The birth of a new child and … MONEY

Monday, November 2nd, 2009 by Cass Chappell, CFP®



A comparison of popular gifting strategies



·        If the gift is meant to be used in 18 years (in the case of a college education) or more, I tend to favor strategies that are more aggressive and have the potential for a greater return

·        I will usually try to talk you out of buying a life insurance policy as a gift

·        529 plans (and Coverdell Education Savings Accounts) offer a tax benefit but are restrictive in how the funds may be used

·        UGMA accounts (Uniform Gifts to Minor Act – also known as UTMA or Uniform Transfers to Minors Act) are much less restrictive in how the funds may be used.

·        The tax benefits of a 529 plan couple with the flexibility of an UGMA account may lead you to consider using BOTH



On October 19th I welcomed my first child, Olivia Hyland Chappell, into the world.  At 7 pounds, 7 ounces (21 inches) both mom and baby are doing great. 




Parents and grandparents frequently ask about savings programs for children.  The idea of creating wealth for the new loved one is very appealing.  Paying for college education or providing a little “seed money” for an eventual down payment on a home seem to be the most cited objectives, in my experience.


There are many tools that are readily available.  Let’s examine a few.



Life Insurance

This used to be one of the most popular financial gifts for newborns.  A small policy, with guaranteed cash value was purchased shortly after the birth of a child.  When the child reached 18 or 21, the policy would have cash value which could be accessed via cashing the policy in, or the policy could be continued indefinitely.  In many cases, the policy also contained a provision allowing the purchase of additional insurance when the child turned 18 or 21 (for example).

·        This strategy was easy to implement.  Back then (I am talking about the early 90’s and prior), everyone knew how to get in touch with a life insurance agent  

·        The premiums were usually very small

·        Since it was life insurance, there was no ongoing tax reporting (as long as the policy wasn’t cashed in)

·        If monthly premiums were undesirable, the parent or grandparent could usually pay the entire premium in advance

·        If the child died prematurely, there would be a sum of money available to provide for a funeral

Some drawbacks

·        Cash value accumulation is often at a rate comparable to a CD or savings account.  BUT, it is usually guaranteed

·        The death benefit is constantly being eroded by inflation.  My grandfather purchased a $5000 policy for me when I was born.  At that time (1974), it was more than the average annual salary of an American worker.  By the time I was an adult (1999), I would need at least 40 times that much insurance to provide for my family.


529 Plans

I wrote about 529 plans recently, and even though they aren’t perfect, they are still worth considering.

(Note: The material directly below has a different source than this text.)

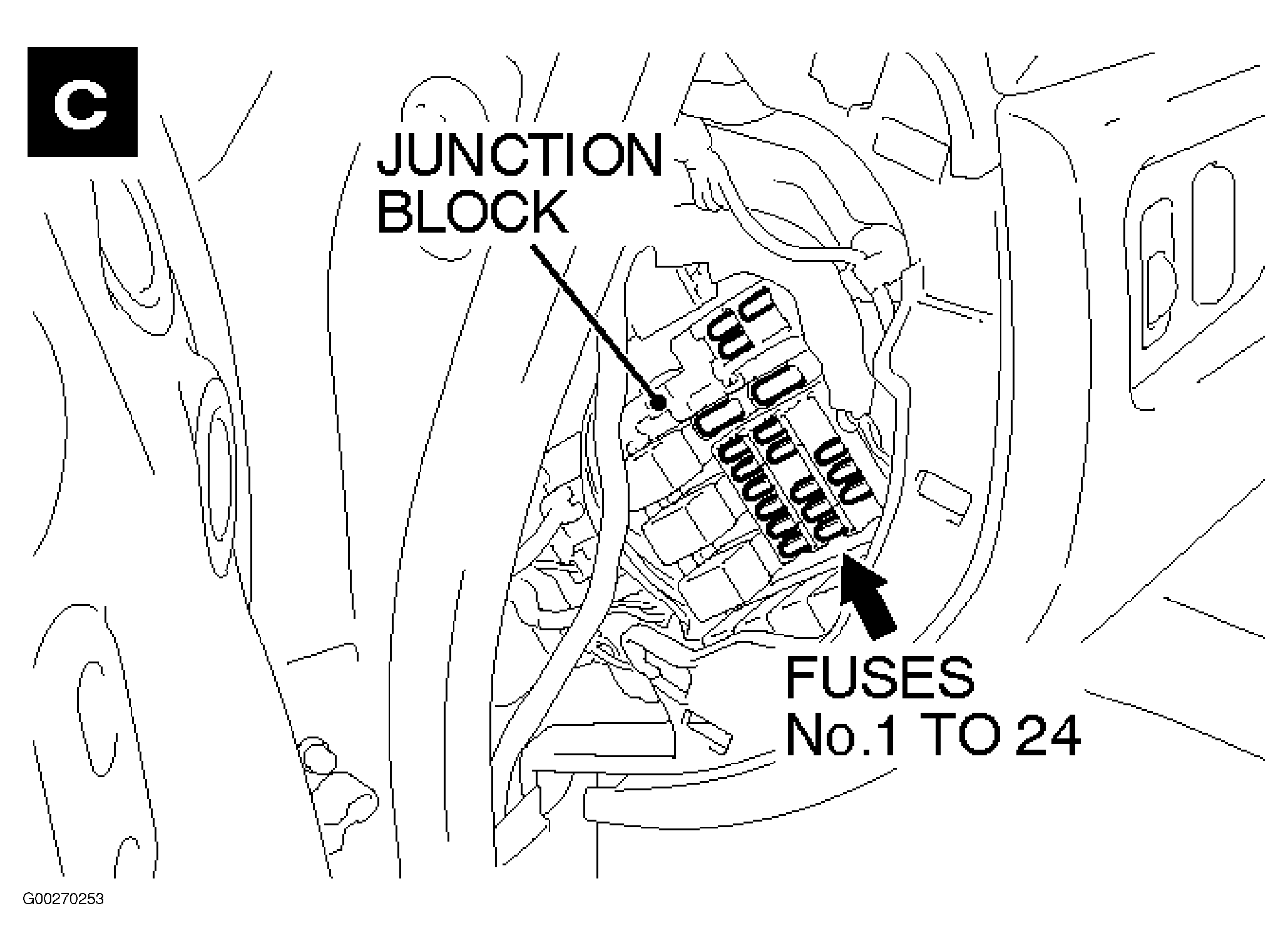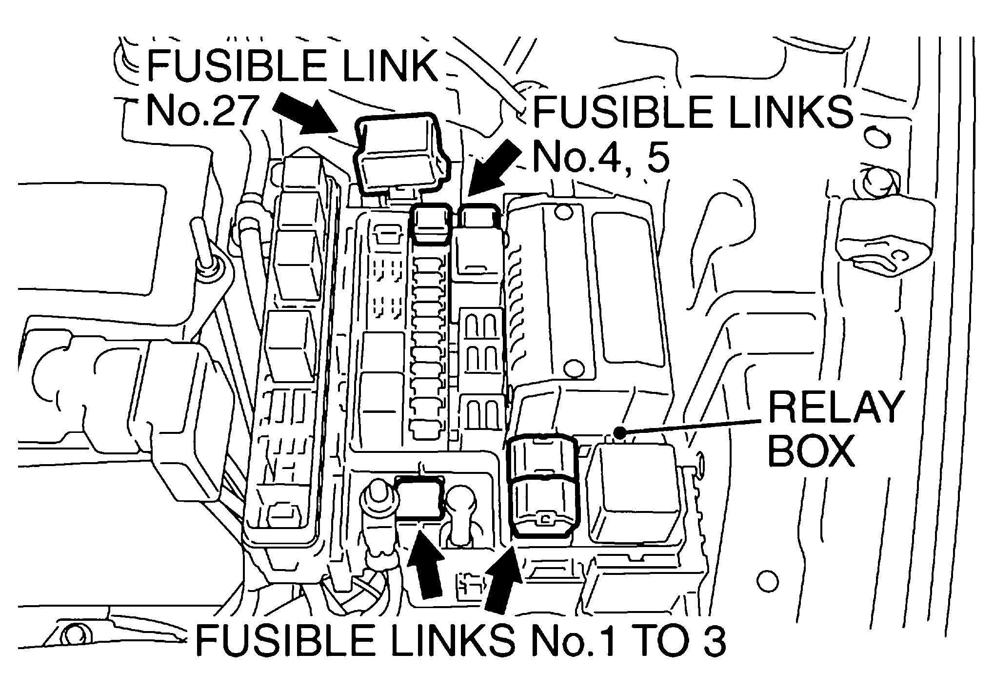 | Fusible Links No. 1 - 5 & 27 | On engine compartment relay box. See Figure. |

·        The money grows tax deferred and is ultimately tax free, if it used for qualified college education expenses

·        The beneficiary of the account can be changed (if necessary), allowing for the gift to benefit multiple people or if a child earns a scholarship or doesn’t go to college

·        The parent usually retains control of the money….even after the child reaches adulthood.

·        Funds withdrawn for non qualified expenses are subject to a 10% penalty and income tax

·        The investments in 529 plans are usually much more aggressive and involve more risk than a CD, savings account, piggy bank, or life insurance policy…….but this is a good thing

Some drawbacks

·        Accessing the money for anything other than qualified college education expenses will trigger a penalty and income tax

·        The potential tax benefits must be weighed against the restrictions in the use of the money


UGMA Account

This account provides the most flexibility for the child.  Using both an UGMA account and a 529 plan is completely acceptable and may be a smart idea.

·        Money can be used for any reason, at any time, as long as it is for the benefit of the child

·        These accounts can be easily opened at most financial institutions

·        Virtually any type of investment can be used

Some drawbacks

·        Accounts receive unfavorable financial aid status once the children apply for college

·        Kids can take control of the money upon reaching adulthood (18 to 21, depending on the state)



For the most ambitious parents and grandparents, we might recommend a combination of both a 529 plan (for college) and an UGMA account (for general wealth building).